RIASSUNTO
ABSTRACT
This paper summarizes the results and recommendations of a two year Sea Grant supported study of the problems and potentials of open sea Mari Culture for the coming decades. The full report will be published in book form in the fall of 1974. Subject areas covered are: 1) various perspectives including technological, social, economic, legal and political; 2) the oceanic environment as it impacts open sea Mari culture; 3) applicable science and technology; and 4) recommendations for the initiation of a national scale Mari culture development program.
I. INTRODUCTION
A little over two and one-half years ago, the Oceanic Institute became the recipient of a modest Sea Grant to assess the potential feasibility of open sea Mari culture. NOAA's Sea Grant program has long been interested in aquaculture in general and marine (man)-culture in particular. It is not surprising, therefore, that the Sea Grant people should ponder the possibility of eventually culturing protein in that majority of the earth's surface volume -the open oceans.

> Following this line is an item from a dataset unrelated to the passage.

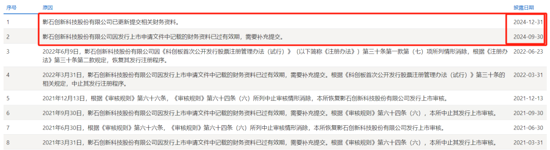 上海证券交易所官网显示,2024年9月30日,影石创新因发行上市申请文件中记载的财务资料已过有效期,需要补充提交。
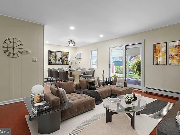 With a well-manicured yard and charming curb appeal 11 Hawk Rd is ready to welcome you Home! This well maintained four-bedroom home greets you inside with beautiful and luminous engineered hardwood flooring and a bright ambiance. The open floor plan takes you to the spacious living room area which allows for varied seating arrangements and flows effortlessly into the dining room area. The recently remodeled (2023) kitchen enjoys the contrast of crisp white cabinetry, stainless steel appliances with black glass cooktop and built-in microwave, a tiled backsplash and quartz countertops. Two bedrooms on this level are both nicely sized and give you versatility in utilizing one or both as a playroom or an office. A full bath with a tub shower will complete the first floor. The primary and secondary bedrooms are upstairs, each bedroom is sizable with vinyl wood flooring and windows to bring in the natural light. A second full bath completes this second level. Outdoor living will be enjoyed on a ground level covered deck that overlooks the yard and includes a shed for storage. Schedule your appointment today to see this move-in ready Levittown gem that could be your next HOME!

In the beginning, we perceived the work as a short, low priority investigation into the major aspects of the problem, with the results being summarized in a brief report to the Sea Grant office. That the problem refused to remain within this modest concept is only partly attributable to our naiveté. The remainder of the blame rests with the problem itself. First, while open sea Mari culture is a term to which many people intuitively attach some meaning, it is (from this very fact) a term to which no two people attach the same meaning. Second, if open sea Mari culture is viewed not as just a vague concept but as a someday-to-be family of operating systems, then it becomes apparent that its feasibility can only be assessed in the context of whatever social, technological and economic conditions may prevail at the time open sea Mari culture might exist -- and these conditions are indeterminate. Lastly, the concept involves so many facets of science and technology that limiting a study of its potential feasibility to manageable proportions while still avoiding a level of generality so high as to be trivial is no mean task.
For these reasons and probably others, the project confounded all attempts to contain it. It flowed beyond the staff of the Oceanic Institute into the Association of Sea Grant Institutions. It then went beyond to the National Marine Fisheries Service and then on to other persons and groups in and beyond the marine science and technology community. And it stretched out in time until my superiors at the Oceanic Institute detected the odor of moribund albatross. But, after almost two years, we at last managed to surround the project, compile the results and derive conclusions and recommendations. This work was completed in late 1973 and is to be published later this year in book form by Dowden, Hutchinson and Ross, Inc. of Stroudsburg, Pennsylvania. The title of the book and of this paper are the same with the kind permission of the publisher.